▸ **EXERCISE REQUIREMENTS**: Can you copy out the data exactly? Leave the images out.

Start of DATASET CONTENT

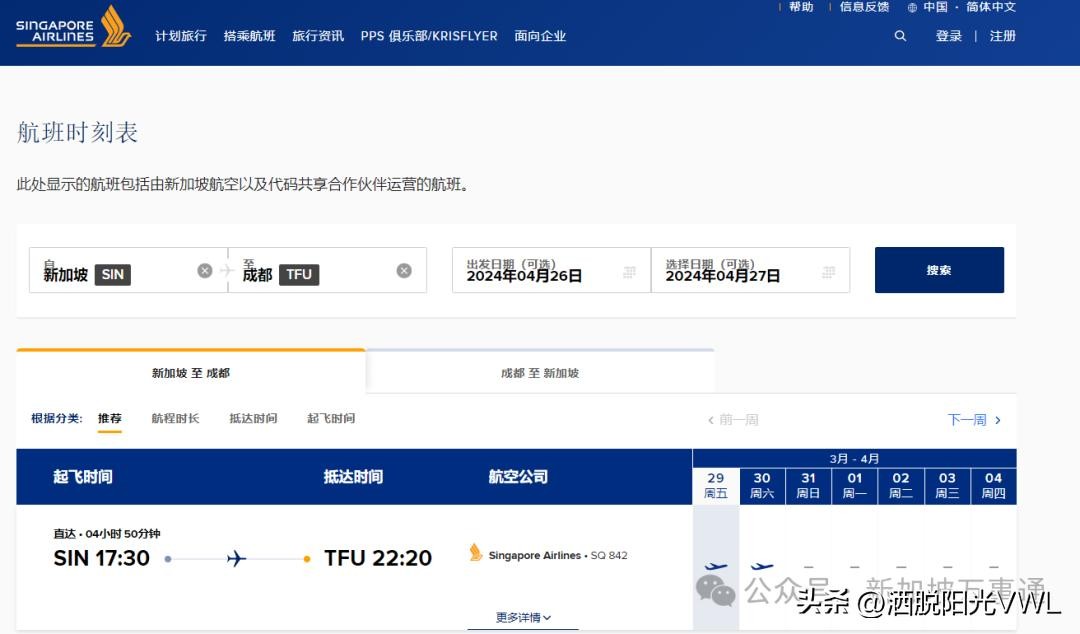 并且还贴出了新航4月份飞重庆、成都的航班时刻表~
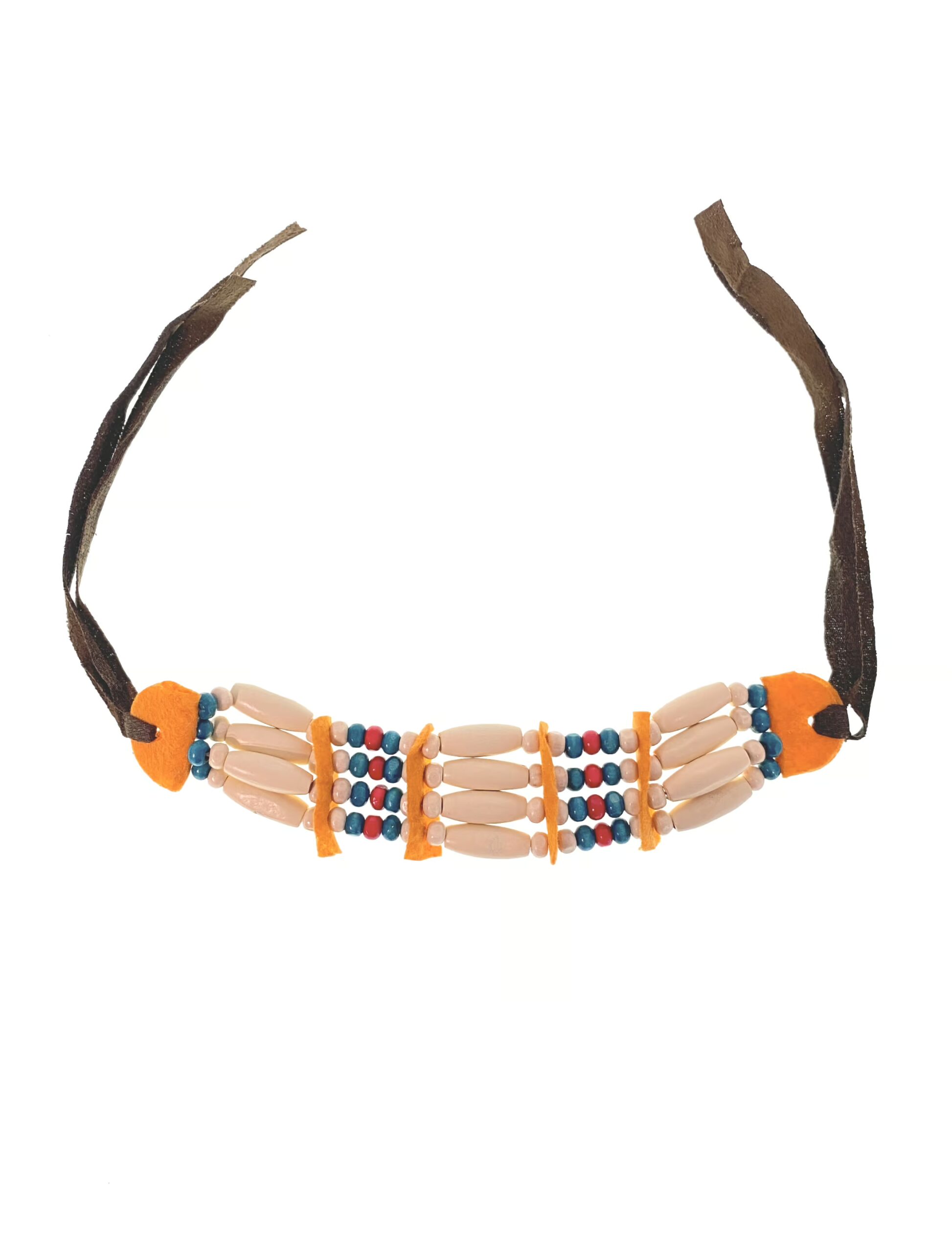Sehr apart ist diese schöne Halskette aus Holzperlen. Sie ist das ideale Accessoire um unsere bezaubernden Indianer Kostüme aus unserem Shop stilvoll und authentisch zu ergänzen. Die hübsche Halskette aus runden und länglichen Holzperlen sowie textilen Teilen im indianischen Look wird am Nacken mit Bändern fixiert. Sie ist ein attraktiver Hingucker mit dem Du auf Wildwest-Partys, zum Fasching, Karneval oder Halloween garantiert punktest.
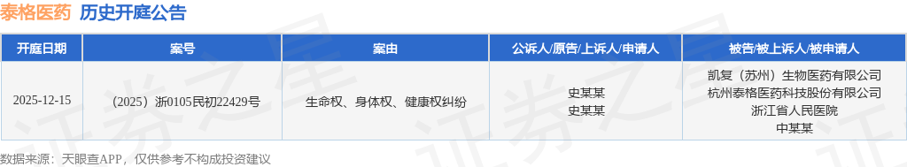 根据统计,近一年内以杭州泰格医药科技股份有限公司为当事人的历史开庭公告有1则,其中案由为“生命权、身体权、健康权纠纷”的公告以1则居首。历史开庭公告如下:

End of DATASET CONTENT

▸ **RESPONSE TO THE EXERCISE**:
 并且还贴出了新航4月份飞重庆、成都的航班时刻表~
Sehr apart ist diese schöne Halskette aus Holzperlen. Sie ist das ideale Accessoire um unsere bezaubernden Indianer Kostüme aus unserem Shop stilvoll und authentisch zu ergänzen. Die hübsche Halskette aus runden und länglichen Holzperlen sowie textilen Teilen im indianischen Look wird am Nacken mit Bändern fixiert. Sie ist ein attraktiver Hingucker mit dem Du auf Wildwest-Partys, zum Fasching, Karneval oder Halloween garantiert punktest.
 根据统计,近一年内以杭州泰格医药科技股份有限公司为当事人的历史开庭公告有1则,其中案由为“生命权、身体权、健康权纠纷”的公告以1则居首。历史开庭公告如下:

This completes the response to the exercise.